Hence, if you have two images with only a translation, you can identify the translation by estimating the phase shift.
Log-Polar Transformation
This is copied from Wolberg and Zokai[1]. See also Reddy (1996)[2].
The log-polar transformation is defined as follows:
\(
\begin{align}
\rho &= \log(r) = \log\left(\sqrt{(x-x_c)^2 + (y-y_c)^2}\right)\\
\theta &= \operatorname{arctan2}(y-y_c, x-x_c)
\end{align}
\)
where \(\displaystyle (x_c, y_c)\) is the center of the image and \(\displaystyle r\) is the distance from the center of the image.
Here a rotation in Cartesian coordinates \(\displaystyle (x, y)\) around the center \((x_c, y_c)\) corresponds to a shift in \(\theta\) in log-polar coordinates.

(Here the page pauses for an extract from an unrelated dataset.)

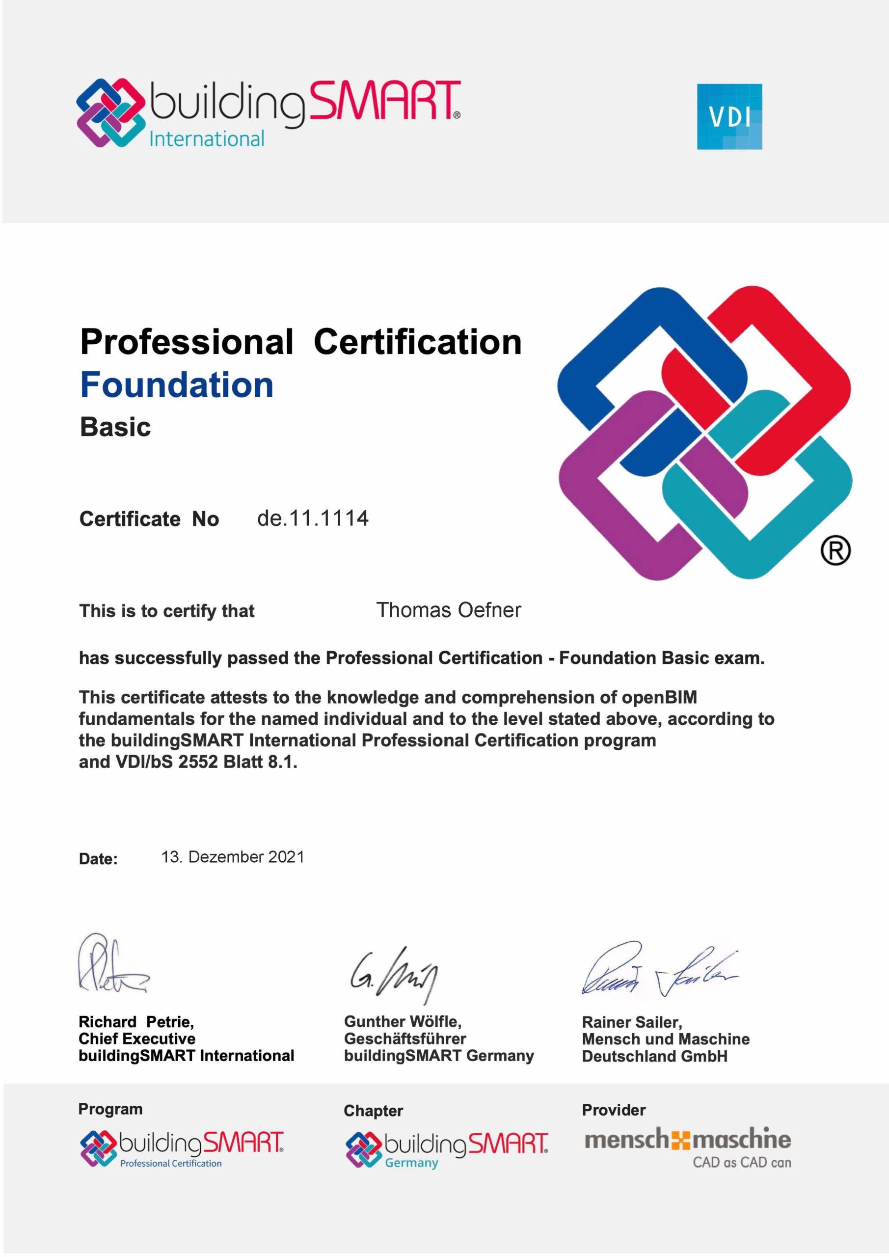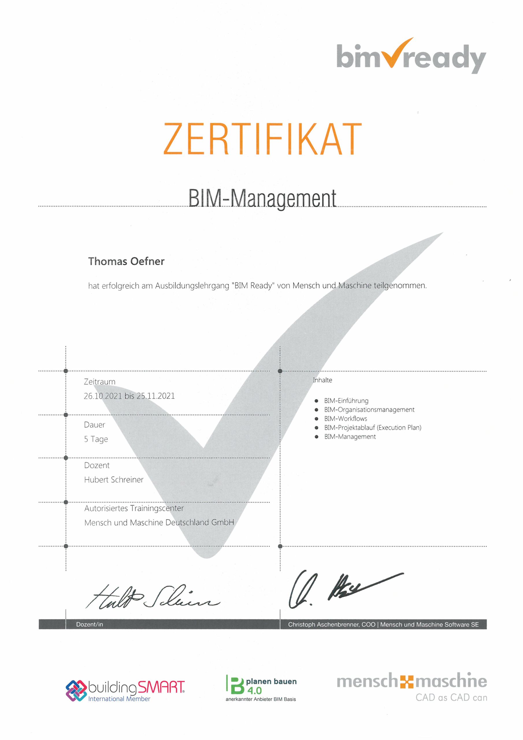 Unser Geschäftsführer, Herr Thomas Oefner, hat erfolgreich die Module 1 und 2 des Ausbildungslehrgangs BIM-Management der Mensch und Maschine Deutschland GmbH absolviert und die anschließende Prüfung bei der buildingSMART Professional Certification erfolgreich abgeschlossen. Unsere Auftraggeber und interessierte Kunden können die Qualifikation von Herrn Oefner im Internet bei buildingSMART einsehen (https://education.buildingsmart.org).

A scale change (i.e. enlarge or stretch) is a shift in log-space:
\( \lambda r \mapsto \log(\lambda r) = \log(\lambda) + \log(r) \)

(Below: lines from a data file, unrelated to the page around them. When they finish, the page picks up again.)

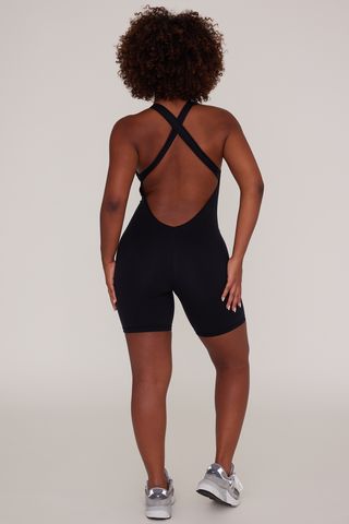 •Criss cross back straps are doubled for maximum support •6" inseam •Full coverage with a low scoop neckline •Contouring seams framing the shape of the bodysuit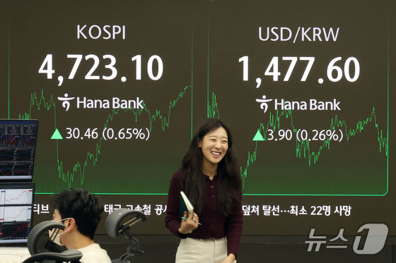 코스피 지수가 사상 처음으로 4700선을 돌파한 14일 오후 서울 중구 하나은행 본점 딜링룸 현황판에 전 거래일 대비 30.46포인트(0.65%)상승한 4,723.10을 나타내고 있다. 이날 원달러환율은 4.00원(0.27%)상승한 1,477.70원에 거래되고 있다. 2026.1.14/뉴스1 © News1 이광호 기자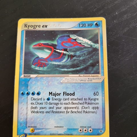 Et godt slitt Kyogre EX Holo pokemonkort

These translations can be found using Wikipedia: Cross-correlation or Wikipedia: Phase correlation.
- Algorithm
For each resolution from coarse to fine, do the following:
- Crop central region \(\displaystyle I_1'\) from \(\displaystyle I_1\)
- Compute the low-polar transformation \(\displaystyle I_{1p}'\)

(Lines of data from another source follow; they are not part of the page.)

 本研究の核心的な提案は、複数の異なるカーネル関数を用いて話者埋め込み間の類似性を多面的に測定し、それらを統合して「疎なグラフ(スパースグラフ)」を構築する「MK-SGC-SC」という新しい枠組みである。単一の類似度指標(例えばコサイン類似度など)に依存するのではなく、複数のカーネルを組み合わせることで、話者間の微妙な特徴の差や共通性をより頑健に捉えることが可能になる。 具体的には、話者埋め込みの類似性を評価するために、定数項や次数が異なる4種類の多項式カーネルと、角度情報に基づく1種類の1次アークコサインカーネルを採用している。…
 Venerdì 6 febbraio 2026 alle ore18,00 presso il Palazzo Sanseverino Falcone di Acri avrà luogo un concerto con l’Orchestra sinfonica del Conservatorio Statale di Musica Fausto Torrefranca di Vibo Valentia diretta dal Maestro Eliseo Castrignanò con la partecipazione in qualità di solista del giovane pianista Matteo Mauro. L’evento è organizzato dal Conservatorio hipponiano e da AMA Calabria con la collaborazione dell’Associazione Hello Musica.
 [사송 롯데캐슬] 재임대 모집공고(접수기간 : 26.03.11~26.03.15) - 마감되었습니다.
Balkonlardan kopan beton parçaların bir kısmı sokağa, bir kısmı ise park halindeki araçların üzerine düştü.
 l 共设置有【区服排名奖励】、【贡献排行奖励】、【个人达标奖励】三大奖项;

- For all positions \((x,y)\)
- Crop region \(I_{2p}'\)
- Compute \(I_{2p}'\)
- Cross-correlate \(I_{1p}'\) and \(I_{2p}'\) to get \((dx, dy)\)
- If max correlation, save \((x, y)\) and \((dx, dy)\)
 
- Scale = \(dx\)
- Rotation = \(dy\)
- Translation = \(x, y\)
Adaptive Log-Polar Transformation
The goal of Adaptive Polar Transform by Matungka et al.[3] is to address the non-uniform sampling of the log-polar transformation.
Let the following:
- \(n_\rho\) be the number of samples (i.e. resolution) along the \(\rho\) axis
- \(n_\theta\) be the number of samples along the \(\theta\) axis
- \(r_i\) the radius size for pixel \(i=1,...,n_\rho\)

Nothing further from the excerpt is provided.